## Data for analysis
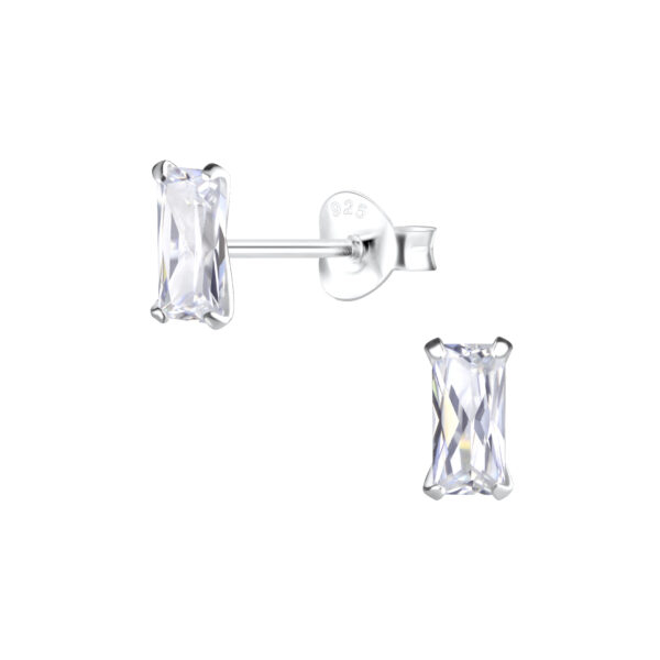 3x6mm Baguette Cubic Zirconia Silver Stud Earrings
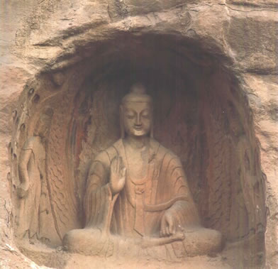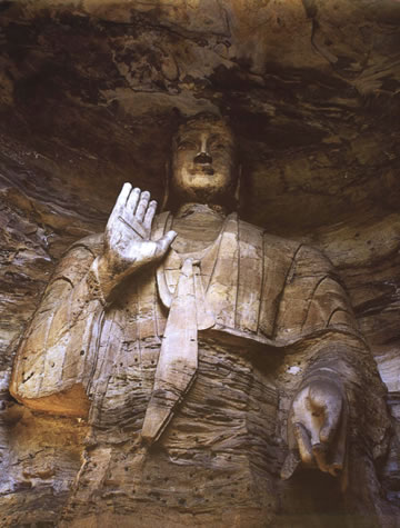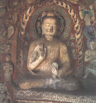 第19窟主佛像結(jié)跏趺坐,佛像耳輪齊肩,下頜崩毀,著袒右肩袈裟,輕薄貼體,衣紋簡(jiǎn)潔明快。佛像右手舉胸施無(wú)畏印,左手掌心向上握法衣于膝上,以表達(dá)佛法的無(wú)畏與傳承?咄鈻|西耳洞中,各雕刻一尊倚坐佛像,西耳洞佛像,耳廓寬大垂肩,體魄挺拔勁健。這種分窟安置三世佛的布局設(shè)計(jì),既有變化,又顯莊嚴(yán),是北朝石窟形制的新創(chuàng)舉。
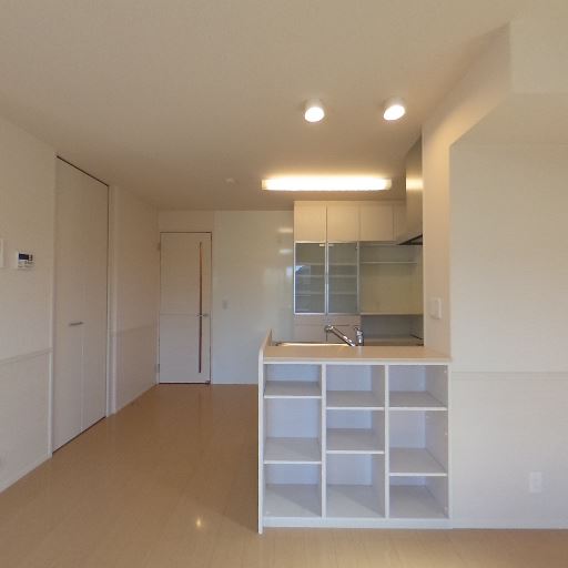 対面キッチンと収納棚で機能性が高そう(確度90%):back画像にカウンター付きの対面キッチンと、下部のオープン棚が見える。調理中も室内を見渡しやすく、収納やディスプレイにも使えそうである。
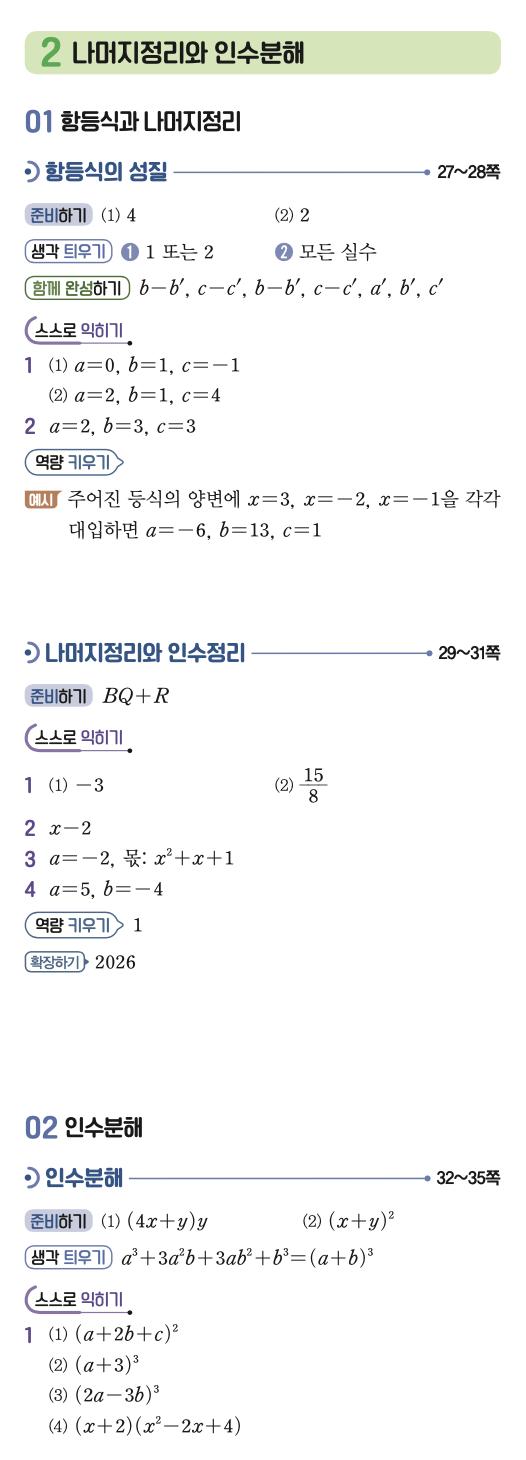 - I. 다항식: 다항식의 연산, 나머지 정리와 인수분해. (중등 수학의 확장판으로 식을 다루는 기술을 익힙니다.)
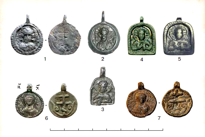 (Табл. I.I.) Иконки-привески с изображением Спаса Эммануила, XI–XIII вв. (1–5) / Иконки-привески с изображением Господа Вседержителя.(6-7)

## Task prompt
If a record holds a picture, leave the picture out and copy the rest exactly.

## Result of the task
 3x6mm Baguette Cubic Zirconia Silver Stud Earrings
 第19窟主佛像結(jié)跏趺坐,佛像耳輪齊肩,下頜崩毀,著袒右肩袈裟,輕薄貼體,衣紋簡(jiǎn)潔明快。佛像右手舉胸施無(wú)畏印,左手掌心向上握法衣于膝上,以表達(dá)佛法的無(wú)畏與傳承?咄鈻|西耳洞中,各雕刻一尊倚坐佛像,西耳洞佛像,耳廓寬大垂肩,體魄挺拔勁健。這種分窟安置三世佛的布局設(shè)計(jì),既有變化,又顯莊嚴(yán),是北朝石窟形制的新創(chuàng)舉。
 対面キッチンと収納棚で機能性が高そう(確度90%):back画像にカウンター付きの対面キッチンと、下部のオープン棚が見える。調理中も室内を見渡しやすく、収納やディスプレイにも使えそうである。
 - I. 다항식: 다항식의 연산, 나머지 정리와 인수분해. (중등 수학의 확장판으로 식을 다루는 기술을 익힙니다.)
 (Табл. I.I.) Иконки-привески с изображением Спаса Эммануила, XI–XIII вв. (1–5) / Иконки-привески с изображением Господа Вседержителя.(6-7)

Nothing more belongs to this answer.